5 апреля Ганс опять приходит в спальню, и его отправляют обратно в свою кровать. Я ему говорю: «Покуда ты будешь утром приходить в нашу комнату, страх лошадей не исчезнет». Но он упрямится и отвечает: «Я буду все-таки приходить, пусть и буду бояться». Стало быть, он не хочет, чтобы ему запрещали приходить к маме.

После завтрака мы должны спуститься. Ганс очень этому рад и задумывает вместо того, чтобы остаться, как обычно, у ворот, перейти через улицу во двор, где он довольно часто видел, как играют уличные мальчишки. Я ему говорю, что обрадуюсь, если он перейдет улицу, и пользуюсь поводом, чтобы спросить, почему он боится, когда приходят в движение нагруженные телеги (Б).

Ганс. Я боюсь, когда стою у телеги и телега быстро отъезжает, а я стою на ней, хочу оттуда влезть на доску (погрузочную платформу), и я уезжаю вместе с телегой.

Я. А когда телега стоит? Тогда ты не боишься? Почему?

Ганс. Когда телега стоит, я быстро вхожу на нее и перехожу на доску. (Рис. 3.)

Рис. 3


(Стало быть, Ганс собирается перелезть через телегу на погрузочную платформу и боится, что телега уедет, когда он будет на ней стоять.)

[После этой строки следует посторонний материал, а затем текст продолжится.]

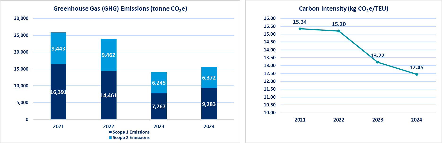 3. Carbon Intensity (kg CO2e/TEU), is the total of Scope 1 and Scope 2 GHG Emissions divided by the port’s annual throughput.

Я. Может быть, ты боишься, что если уедешь с телегой, то не приедешь больше домой?

Ганс. О нет; я ведь всегда могу еще приехать к маме – с телегой или на фиакре. Ведь я могу ему также сказать номер дома.

Я. Так чего же ты, собственно, боишься?

Ганс. Я этого не знаю, но профессор это узнает. Ты веришь, что он это узнает?

Я. Почему же ты хочешь перебраться на доску?

Ганс. Потому что я еще никогда там не был, а мне так хотелось бы там побывать, и знаешь почему? Потому что я хотел бы нагружать и разгружать поклажу и лазить по ней. Мне так хочется там полазить. А знаешь, у кого я научился лазить? Мальчишки лазили по тюкам, я это видел, и я тоже хочу это делать.

Его желание не исполнилось, ибо, когда Ганс вновь решается выйти за ворота, несколько шагов по улице вызывают у него слишком большое сопротивление, поскольку во дворе постоянно ездят телеги.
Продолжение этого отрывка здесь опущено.